Graduating at 14 means she started at 10 or 11. There are fully grown adults who can't handle the workload of college how the fuck is she able to do it I just don't get kids these days. Man at that age I'm stressing out about 6 paragraph essays.

Even though the story isn't real, I can say a few words about this from the perspective of a professor, as it's not an uncommon situation in universities. In my view, rather than favourably weighting youth, you should unfavourably weight the constraints of being older.

Doing a university degree at such a young age means that you're almost certainly from an affluent background or with parents who are well educated. It means that you will probably live at home, pay no rent, pay no fees, not have to maintain a part-time job, and not have to deal with some of the pressures of being older.

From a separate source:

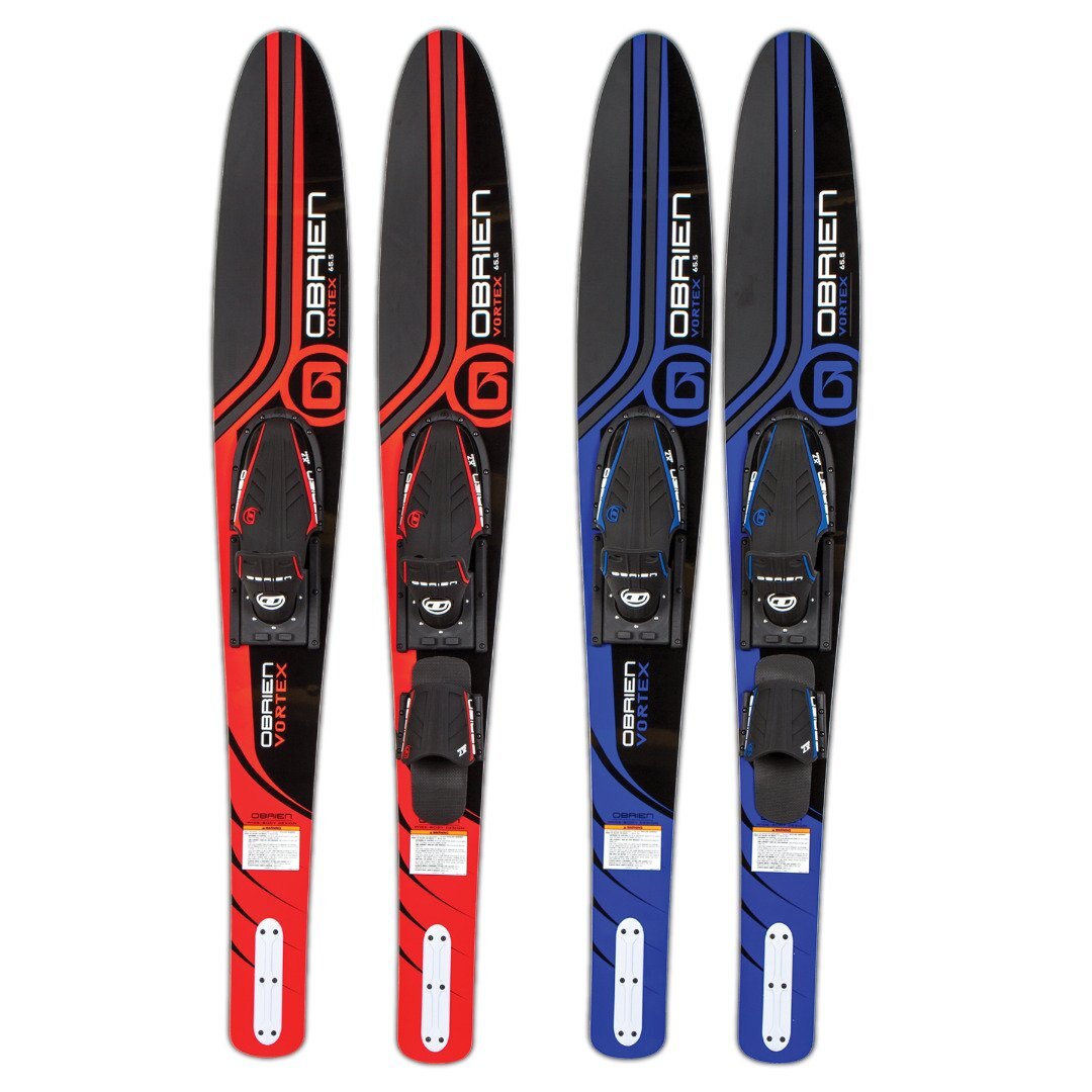 Carving turns, at minimal effor The OÌBrien Vortex Combos are our ÏBig-DaddyÓ wide-body pair. These skis are designed for super easy deep-water starts and big, carving turns, at minimal effort. The extra surface area reduces drag and provides a huge amount of lift to get bigger skiers up on plane with ease. The large surface area also allows for skiing at a slower, more comfortable boat speed. A side benefit is it takes less horsepower to get skiers on the Vortex up and out of the water; making it easier to teach deep-water slalom starts. When thereÌs any doubt about getting out of the water on a pair of skis, go with the OÌBrien Vortex Combos. These are as close to a sure thing as youÌre going to find. Available in Red or Blue. | ||||||||||

In a sense, your only duty is to study.

I wouldn't say that it's 'easy', but it's like being a musician at 8, because your parents put you through music school at 5. You're so far ahead of your peers, but it doesn't necessarily mean your going to be a successful musician at 30.

The real issue with young scholars is never about how they fare during their undergraduate. It's how they fare once they head into their mid-20s, and once others catch up. The mid-twenties are, in my view, the hardest transitional years.

Think of it like sprinting the 100m. All sprinters know that there are real advantages to a slow transition for the first 30m, because if you stand-up and run too quickly, you destroy your pace in the latter part of the race. Life is much the same way.